§ DATA SHOWN
◆ ◆ ◆ ◆
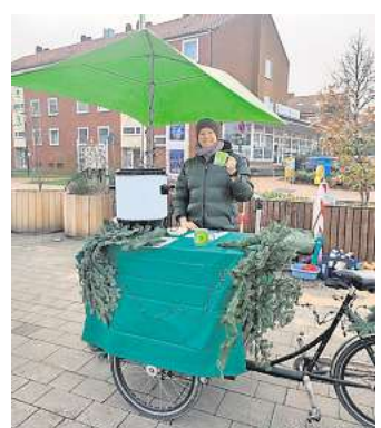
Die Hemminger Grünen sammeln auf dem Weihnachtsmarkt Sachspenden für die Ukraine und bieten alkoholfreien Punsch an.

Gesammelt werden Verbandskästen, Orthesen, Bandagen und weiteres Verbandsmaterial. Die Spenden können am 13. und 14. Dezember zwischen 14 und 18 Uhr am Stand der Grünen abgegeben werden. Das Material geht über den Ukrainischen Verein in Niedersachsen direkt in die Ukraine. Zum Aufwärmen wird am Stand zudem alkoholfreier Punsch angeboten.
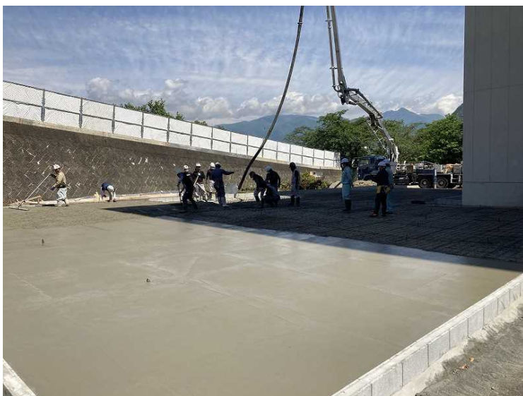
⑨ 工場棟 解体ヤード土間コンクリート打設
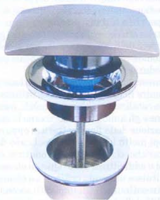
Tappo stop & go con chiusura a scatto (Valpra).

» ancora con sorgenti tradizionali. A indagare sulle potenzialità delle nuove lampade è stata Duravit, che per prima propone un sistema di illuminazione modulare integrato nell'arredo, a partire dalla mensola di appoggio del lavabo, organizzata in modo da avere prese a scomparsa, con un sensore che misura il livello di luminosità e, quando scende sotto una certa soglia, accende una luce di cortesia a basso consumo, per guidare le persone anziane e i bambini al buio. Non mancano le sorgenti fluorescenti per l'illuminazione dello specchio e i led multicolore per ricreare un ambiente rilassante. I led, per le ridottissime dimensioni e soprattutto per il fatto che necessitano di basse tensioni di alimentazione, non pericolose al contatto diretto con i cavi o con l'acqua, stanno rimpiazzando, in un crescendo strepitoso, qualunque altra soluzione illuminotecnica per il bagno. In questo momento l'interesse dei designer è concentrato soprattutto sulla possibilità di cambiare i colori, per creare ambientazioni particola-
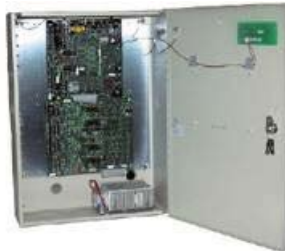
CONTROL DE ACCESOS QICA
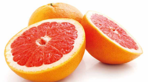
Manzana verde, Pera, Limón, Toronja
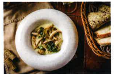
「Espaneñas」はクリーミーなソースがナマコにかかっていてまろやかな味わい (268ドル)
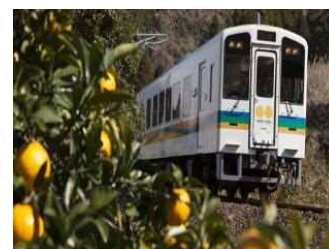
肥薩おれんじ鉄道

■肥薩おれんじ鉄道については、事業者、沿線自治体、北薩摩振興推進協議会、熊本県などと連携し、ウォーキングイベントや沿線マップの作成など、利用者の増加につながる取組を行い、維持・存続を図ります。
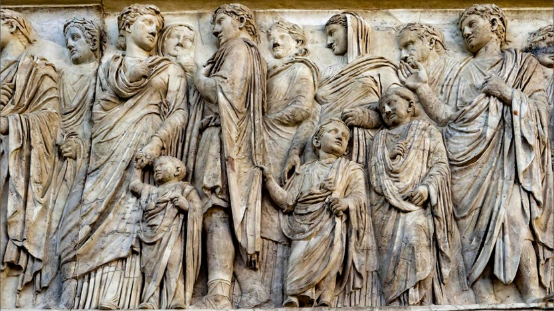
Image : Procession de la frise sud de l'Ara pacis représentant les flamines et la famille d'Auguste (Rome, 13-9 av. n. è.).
◆ ◆ ◆ ◆
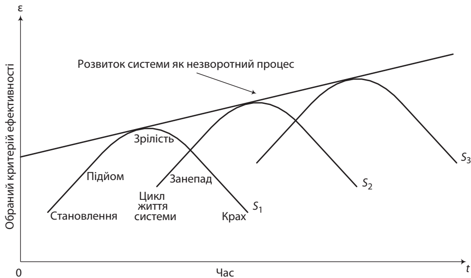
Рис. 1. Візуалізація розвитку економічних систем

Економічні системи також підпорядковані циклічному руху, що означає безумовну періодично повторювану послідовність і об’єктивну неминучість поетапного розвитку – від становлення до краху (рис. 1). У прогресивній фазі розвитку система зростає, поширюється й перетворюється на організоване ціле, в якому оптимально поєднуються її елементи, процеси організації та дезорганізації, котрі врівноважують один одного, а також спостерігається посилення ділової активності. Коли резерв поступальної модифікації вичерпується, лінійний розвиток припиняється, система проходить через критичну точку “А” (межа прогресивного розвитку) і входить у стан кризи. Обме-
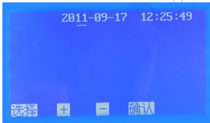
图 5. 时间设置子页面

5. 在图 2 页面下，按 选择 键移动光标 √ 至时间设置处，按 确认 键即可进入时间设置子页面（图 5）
◆ ◆ ◆ ◆
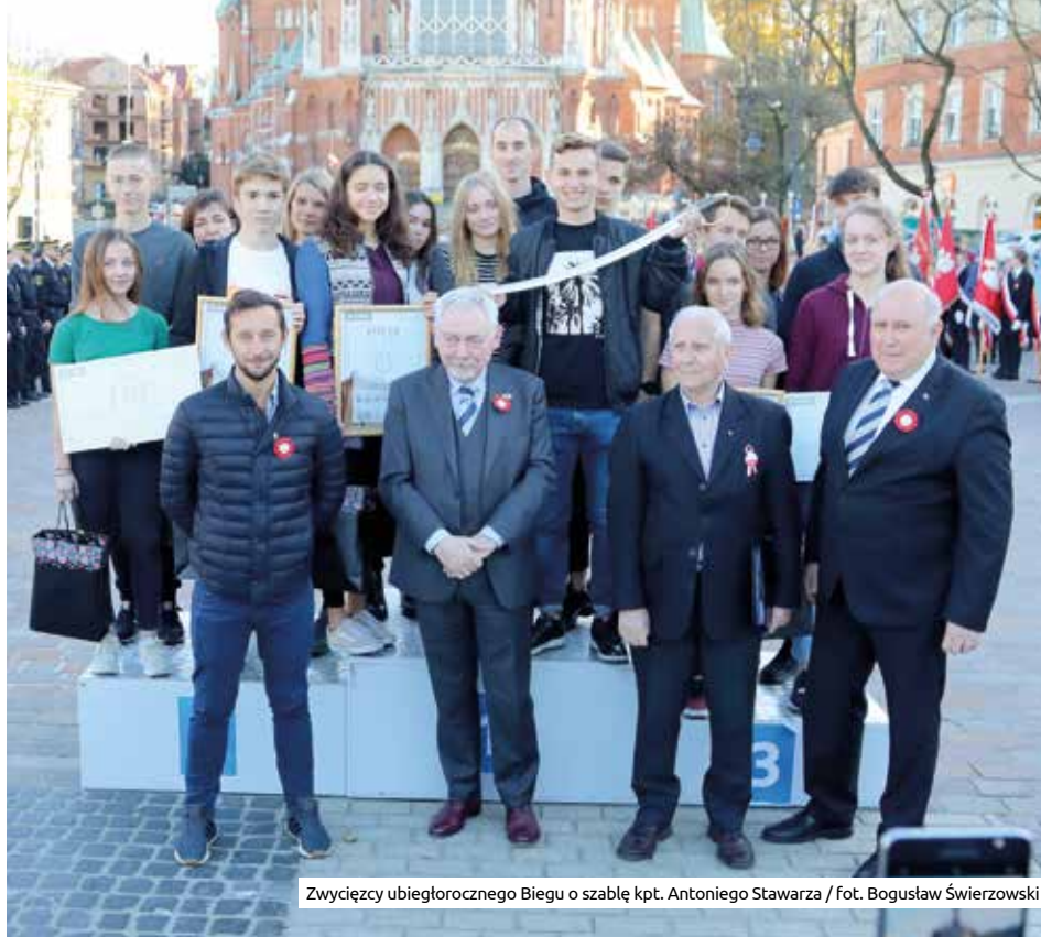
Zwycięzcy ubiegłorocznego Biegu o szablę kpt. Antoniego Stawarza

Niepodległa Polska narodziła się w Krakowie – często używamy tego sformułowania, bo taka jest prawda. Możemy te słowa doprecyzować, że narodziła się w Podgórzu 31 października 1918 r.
◆ ◆ ◆ ◆
§ ABOUT THIS EXERCISE
Each line of the entries above that has the word "розвитку" is to be copied.

§ FINAL ANSWER
Рис. 1. Візуалізація розвитку економічних систем
Економічні системи також підпорядковані циклічному руху, що означає безумовну періодично повторювану послідовність і об’єктивну неминучість поетапного розвитку – від становлення до краху (рис. 1). У прогресивній фазі розвитку система зростає, поширюється й перетворюється на організоване ціле, в якому оптимально поєднуються її елементи, процеси організації та дезорганізації, котрі врівноважують один одного, а також спостерігається посилення ділової активності. Коли резерв поступальної модифікації вичерпується, лінійний розвиток припиняється, система проходить через критичну точку “А” (межа прогресивного розвитку) і входить у стан кризи. Обме-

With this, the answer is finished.